BEGIN Data records

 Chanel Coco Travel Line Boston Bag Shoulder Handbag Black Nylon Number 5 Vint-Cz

END Data records
BEGIN Data records

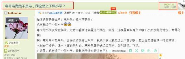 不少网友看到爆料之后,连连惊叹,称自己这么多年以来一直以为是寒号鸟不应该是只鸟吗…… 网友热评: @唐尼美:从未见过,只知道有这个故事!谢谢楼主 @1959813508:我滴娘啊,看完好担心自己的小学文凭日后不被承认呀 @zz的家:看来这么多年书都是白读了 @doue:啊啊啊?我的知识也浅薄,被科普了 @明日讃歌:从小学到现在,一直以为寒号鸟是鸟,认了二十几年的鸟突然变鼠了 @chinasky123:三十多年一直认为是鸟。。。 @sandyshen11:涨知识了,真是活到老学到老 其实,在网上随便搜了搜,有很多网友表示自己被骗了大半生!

END Data records
BEGIN Data records

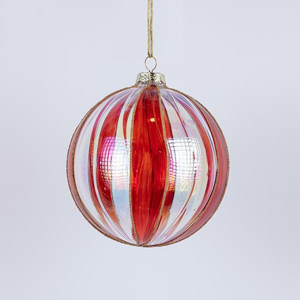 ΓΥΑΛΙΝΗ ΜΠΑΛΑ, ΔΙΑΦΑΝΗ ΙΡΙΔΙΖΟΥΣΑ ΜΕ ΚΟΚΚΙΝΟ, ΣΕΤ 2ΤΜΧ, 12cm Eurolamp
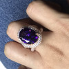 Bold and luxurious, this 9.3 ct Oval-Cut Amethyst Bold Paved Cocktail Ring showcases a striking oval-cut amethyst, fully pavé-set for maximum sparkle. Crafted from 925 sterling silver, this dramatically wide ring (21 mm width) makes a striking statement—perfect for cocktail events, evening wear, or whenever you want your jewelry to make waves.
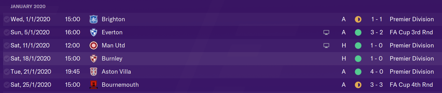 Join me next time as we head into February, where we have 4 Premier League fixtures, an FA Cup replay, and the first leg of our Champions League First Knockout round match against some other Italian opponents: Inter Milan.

END Data records

[What to work on]
Range to print from the listing above: from the line with "Bold and luxurious, this" up to and including the line with "Join me next". Please print those lines exactly, with no pictures and nothing more.

[Answer to the problem]
 Bold and luxurious, this 9.3 ct Oval-Cut Amethyst Bold Paved Cocktail Ring showcases a striking oval-cut amethyst, fully pavé-set for maximum sparkle. Crafted from 925 sterling silver, this dramatically wide ring (21 mm width) makes a striking statement—perfect for cocktail events, evening wear, or whenever you want your jewelry to make waves.
 Join me next time as we head into February, where we have 4 Premier League fixtures, an FA Cup replay, and the first leg of our Champions League First Knockout round match against some other Italian opponents: Inter Milan.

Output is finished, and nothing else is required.